Product-led SaaS enterprises offer clear benefits
The most successful software as a service (SaaS) organisations are product-driven and offer obvious advantages.
The best SaaS businesses are led by their products. They have become very good at making, maintaining, and improving products that customers love to use. In the process, they have made a lot of value. But even though it's clear that being a product-led SaaS company has its perks, can Web3 organisations do the same? Before answering this question, we must know what it takes to make a great product in any field.
How Good Things Are Made
Marty Cagen, who is probably the most well-known expert on SaaS product-led growth, talks about four main areas that need to be made less risky before businesses can make great products:
Value: How well the new product solves a customer problem that other goods or methods don't.
Usability: It is easy for the customer to use the tool to solve their problem.
Feasibility: How likely will the engineering team be able to build the answer?
Viability is a measure of how likely the company will be able to build a business model around selling the answer and keeping its growth going.
Based on these factors, it's easy to see why product-led SaaS companies and other businesses that depend on centralised network infrastructure do well. But the rise of decentralised technology and Web3 organisations may mean that the status quo needs to be rethought.
The Best Way to Run Centralised Businesses
Modern technology and knowledge of building and scaling centralised solutions have helped SaaS-based platforms grow over the past few decades. The number of tools and ways to use them has also grown exponentially. Because of this, companies have learned how to build general solutions on private, customised systems.
But new technologies may be pushing the limits of the processes and tools that are already in place. People have discussed how Web3 technology has changed money, business systems, and even micro token economies. But more needs to be said about how it will affect product finding, development, marketing, and support.
De-Risking Dimensions for Web3 Companies
When Web3 is in its purest form, it flips the four ways of reducing the risk stated above. Let's think about each one in turn.
Value
A business that is based on its products makes money in two ways. First, by making a completely new and innovative product. Or, second, by making small changes based on how the company understands what customers say. At its core, centralised product development is based on the idea that customers must learn how to solve their problems best. Two of the most famous people who make products said the same thing. Henry Ford once said, "If I ask the customer what they want, they'll say a faster horse." Steve Jobs once said, "Customers don't know what they want until we've shown them." In a Web2 world, the product company sets the vision for what a new product should be, then asks customers for comments and figures out what it means to improve the product.
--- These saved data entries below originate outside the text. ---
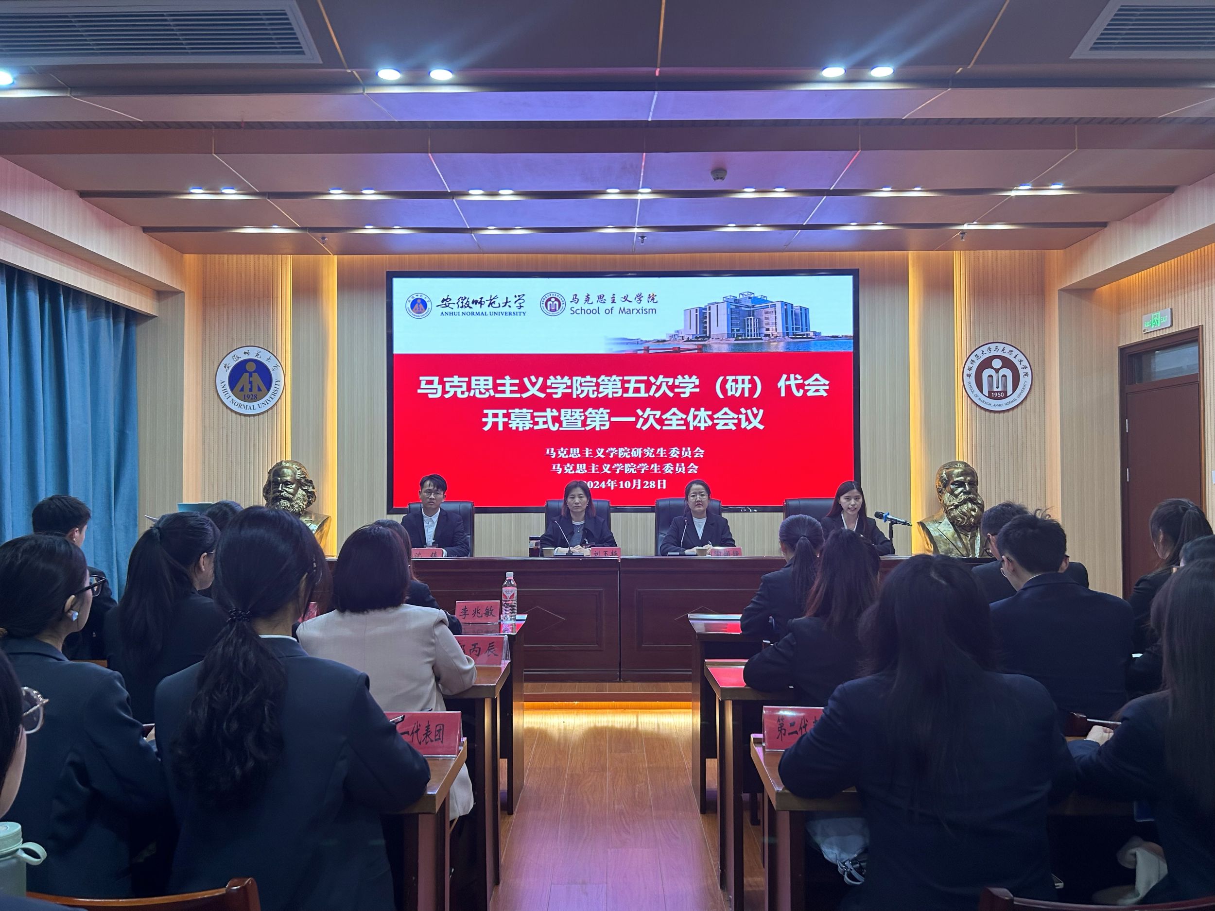 正式会议在庄严的国歌声中拉开帷幕。在开幕式暨第一次全体会议中,刘玉艳为大会致开幕词。她对大会的召开表示热烈的祝贺,对过去一年学生会和研究生会的工作给予肯定,并向广大青年学生提出殷切希望:新时代青年要在政治自觉中找准方向;在历史自觉中贡献力量;在文化自觉中成长进步;在行动自觉中淬炼品格,将个人命运与国家命运紧密相连,与祖国同呼吸、共理想、齐奋进。随后,学院学生会主席团成员李兆敏、研究生会主席团成员叶倩分别对过去一年的学生会和研究生会的工作进行了报告。大会第二次会议通过了《安徽师范大学马克思主义学院出席校学(研)代会代表选举办法》、《安徽师范大学马克思主义学院第五届学生会(研究生会)主席团、学生(研究生)委员会委员选举办法》等系列草案,并选举出学院参加校学代会、研代会的代表、学生委员会、研究生委员会成员以及院学生会、研究生会主席团成员。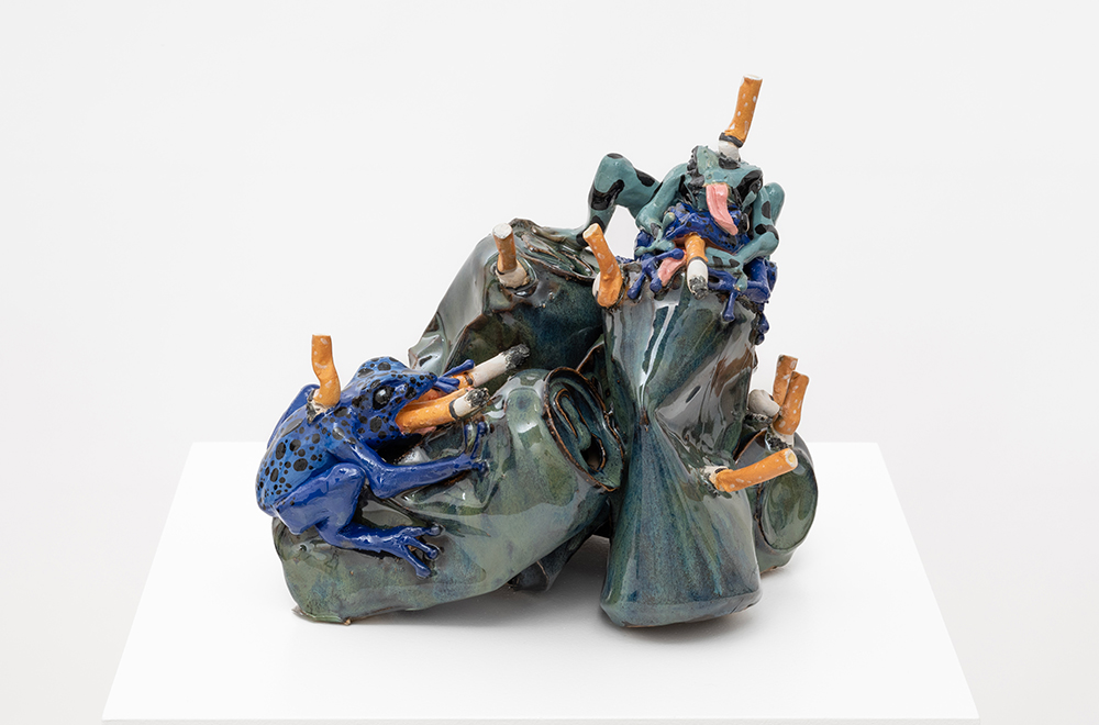 Lindsey Mendick (*1987, Londres, UK; vive en Margate, UK) trabaja con instalación, cerámica y escultura. Subvierte las asociaciones de la cerámica con la decoración y lo doméstico, creando monumentos a la cultura popular y a la experiencia femenina contemporánea.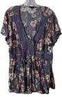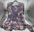 Torrid Babydoll Shirt Size 2 Gauze Crochet Inset Lace Up Top Purple Floral Boho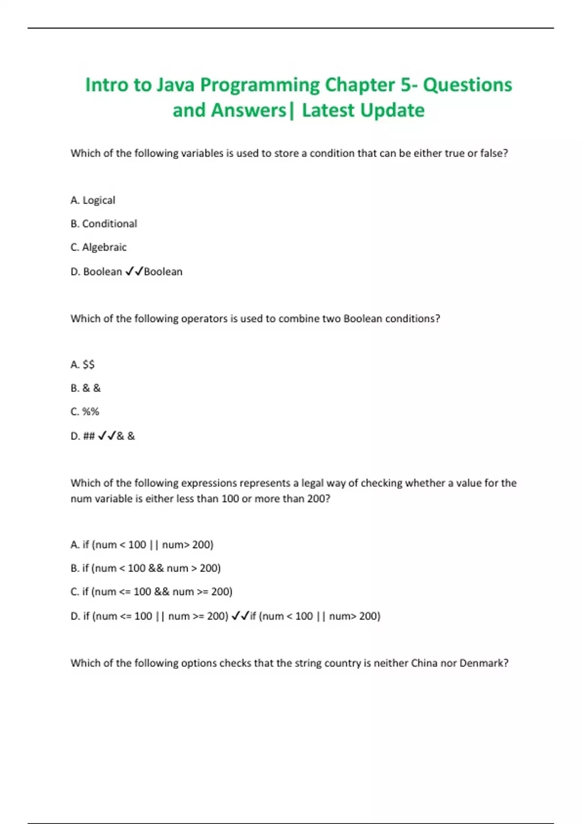 D. if (!(country.equals("China") && country.equals("Denmark"))) ✔️✔️if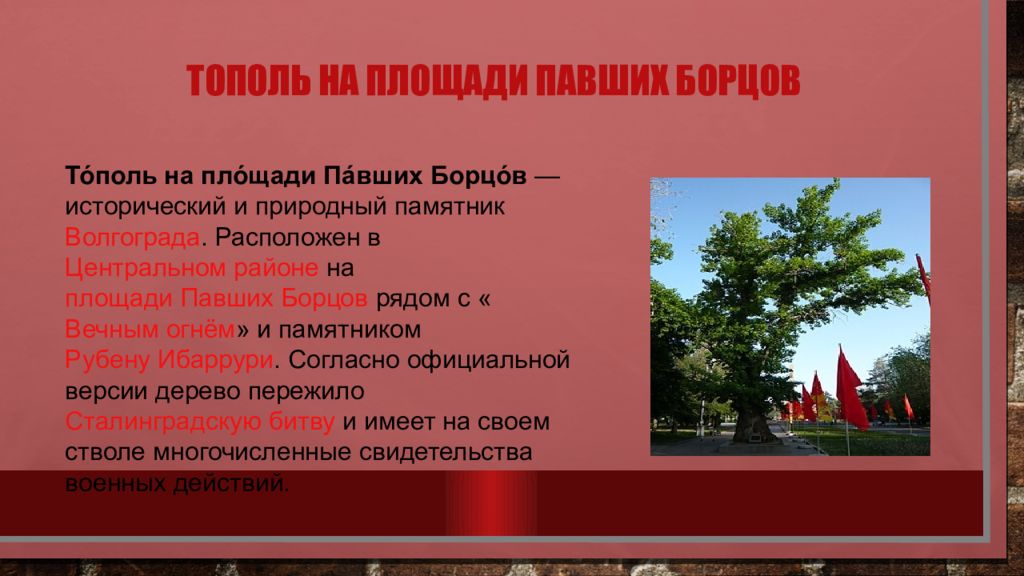 Последний слайд презентации: НА улицах сталинграда: Тополь на площади Павших Борцов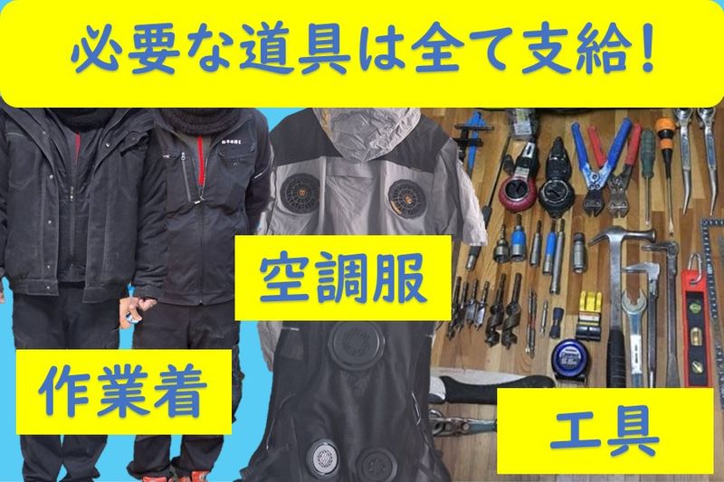 待遇・福利厚生 | 【保険制度】 雇用保険、労災保険、健康保険、厚生年金 【福利厚生】 【加入保険】 社会保険完備(健康 厚生年金 雇用 労災) 【福利厚生】 ■昇給(随時昇給) ■賞与年2回あり ■健康診断年1回 ■試用期間あり(3ヶ月/条件同一) ■退職金制度あり(中小企業退職金共済) ■作業着支給 ※靴以外はすべて(安全帯、ヘルメット、空調服等) ■空調服支給 ■工具一式支給 ※必要な道具はご用意します!身一つで入社OK!! ■社用車あり ■マイカー通勤OK ■電話手当あり ■ドリンク支給 ■お給料日にお弁当支給(例:焼肉弁当や仕出し弁当) ■BBQや忘年会や社員旅行あり(希望者の方でOK!) |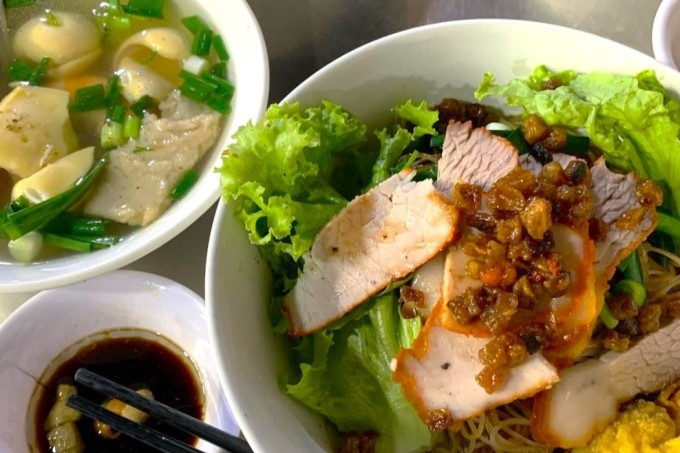 Hủ tiếu trứng cuộn khá thu hút giới trẻ Sài Gòn bởi cách chế biến độc lạ. Điểm đặc biệt nhất của món ăn là trứng cuộn (trứng đánh đều, nêm gia vị rồi cho vào ruột heo), luộc chín trong nồi nước lèo sau đó cắt lát mỏng. Trứng cuộn ăn mềm, có độ giòn sật dễ ghiền. Thông thường khách hay gọi hủ tiếu khô trộn với sốt đậm gia vị, có thịt xá xíu và hoành thánh chiên giòn, kèm chén nước súp có trứng cuộn riêng. Ảnh: Instagram quicksand

On the other hand, in a Web3 world, the customer, not the company, takes on the risk of the product's worth. On an open-source platform, every group member can decide which problems to solve and how to solve them. This method suits each community member, but it's also good for the whole community since any discoveries are added to the open-source infrastructure. The benefit of this method is that many people, not just a few, work on the same problem. The answer is then good for everyone involved; creativity and creation grow by a factor of ten.
Usability
In the SaaS world, product-led companies decide usability by asking customers to find out what they need or want and then building a solution to meet those needs. Iterative testing and validation ensure the company gets it right and that the customer can use the product, this is how progress is made. Like the value risk, the usability risk is pushed straight to the "customer" in a Web3 setting. People can build solutions on an open-source platform that they or their organisation can use however they want. The Web3 model eliminates the "middleman" role of the product-led business.
Feasibility
In a truly decentralised community, the company or organisation running the Web3 platform doesn't even have to consider whether something is possible. It is up to the people in the community who are building the solution to solve their problems to decide whether something can be made.
Viability
Lastly, in a Web3 environment, viability risk changes from how a business can make money with a product to how a company or organisation can raise the value of a token. So, an organisation's financial viability is based on something other than subscription income but on how well it uses tokenomics to increase the value of its token.
A Hybrid Approach to Moving from a Web2 to a Web3 Product-Led Company
At this point in the conversation, it's clear that there is no clear line between Web2 and Web3 product management. Most organisations will use a mixed model. For example, members of the Web3 community could hire someone else to do all of their product development work, and this would make it so that some companies own the solutions they build on open-source platforms. These companies could provide and support the same options for other businesses. But even in this case, the focus is on custom solutions that could be shared on top of general, open-source platforms; this is the opposite of the SaaS environment.
Companies like Red Hat have used this method for years, starting with a centralised strategy and moving towards a decentralised one. And the more these businesses move away from specific solutions and towards general, open-source ones, the more they will depend on tokenomics to make money. The opposite is also true: the more proprietary products a company has, the more its revenue will rely on a subscription plan.
The good thing about this change is that Web2 methods for managing products are being thrown out and redone for a Web3 world. As a result, when businesses start using Web3 technologies and organisational structures, a lot is likely to change shortly, especially when it comes to making, delivering, and maintaining products.